计算传感器在文件和函数级别给我留下了最深刻的印象。跨文件关注点如模块化和耦合是一个不同的故事,原始数据本身非常嘈杂,没有语言模型的语义解释就不太有用。但我在良好的提示下能够从那里获得输出和建议,并且也欣赏了以不同方式呈现这些信息的可能性,以适应不同的经验水平。

在我的实验中我没有看到,但怀疑可能会成为一个问题的是 _传感器之间的冲突_。最大行数和每个函数的最大行数规则显示出一些紧张迹象,将重构为越来越小的函数将复杂性推入组件属性链中。类似这样的权衡可能还隐藏着,随着时间的推移,这是否会成为一个问题也将很有趣。

在这个应用中,我没有使用任何 _指南_,纯粹是为了看到传感器的效果。我对平衡指南和传感器的发展感到好奇。一旦我们对自己的传感器集有信心,我们可以删除哪些指南?传感器使使用较弱模型更加现实吗?我们如何保持指南和传感器的一致性,并且是否能找到某种方法将它们捆绑在一起,使其更容易维护?

In the regression testing area, my eyes have really been opened to how crucial mutation testing becomes when we make the decision to leave most of the testing to AI... And I want to stress once more that there is a whole other conversation to be had about the correctness of tests!

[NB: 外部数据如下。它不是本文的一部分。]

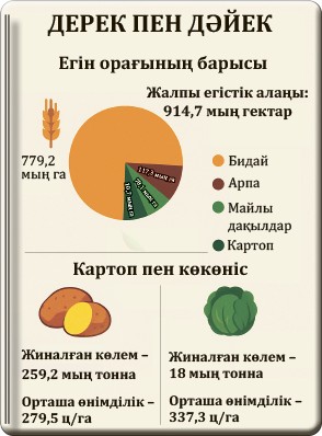 – Картоп бойынша орташа өнімділік гектарына 253,7 центнерді құрап, жалпы 271,3 мың тонна өнім жиналады деп болжанады. Көкөністерден 38,8 мың тонна өнім алынады. Жиын-терім науқанына 1976 астық жинайтын комбайн, 220 картоп жинайтын комбайн және 162 картоп қазғыш жұмылдырылды. 3 000-нан астам техника өнімді алқаптан тасымалдап, алғашқы өңдеу жұмыстарына жегілді. Алдын ала есеп бойынша астық жинау жұмыстары 24 жұмыс күні ішінде, картоп жинау 22 күн ішінде аяқталады деп жоспарлануда, – деп хабарлады облыстық ауыл шаруашылығы және жер қатынастары басқармасының басшысы Ануар Тюлюбеков.
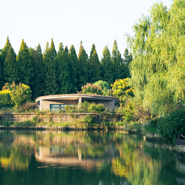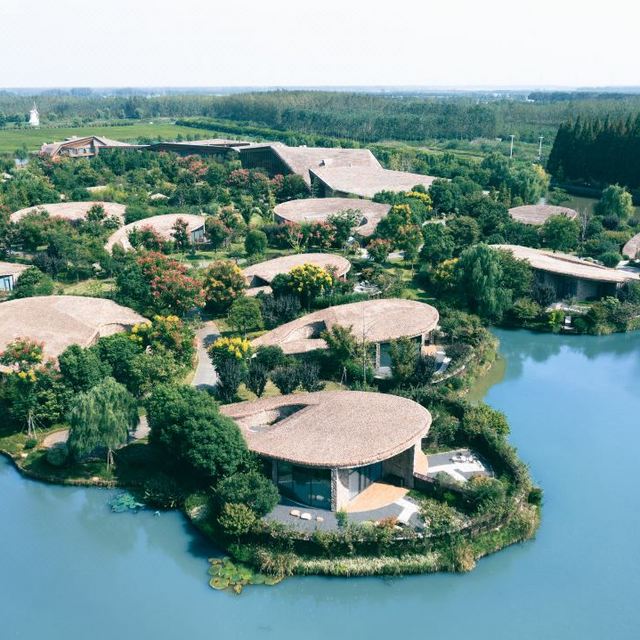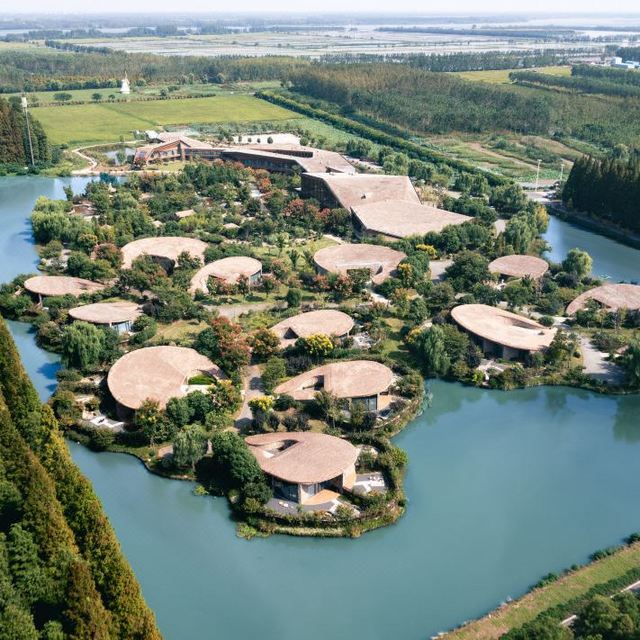 一栋栋高低不同的多坡屋面建筑铺铺展在湖畔的田野之上,环境静谧又富有野趣。

While some of these sensors really do increase my trust in the quality of the outcomes, they are not a magical solution to take the human totally out of the loop. But I definitely experienced an improvement in my review experience and trust level with both computational and inferential sensors as my partners.

AI may generate inaccurate information. Please verify important content.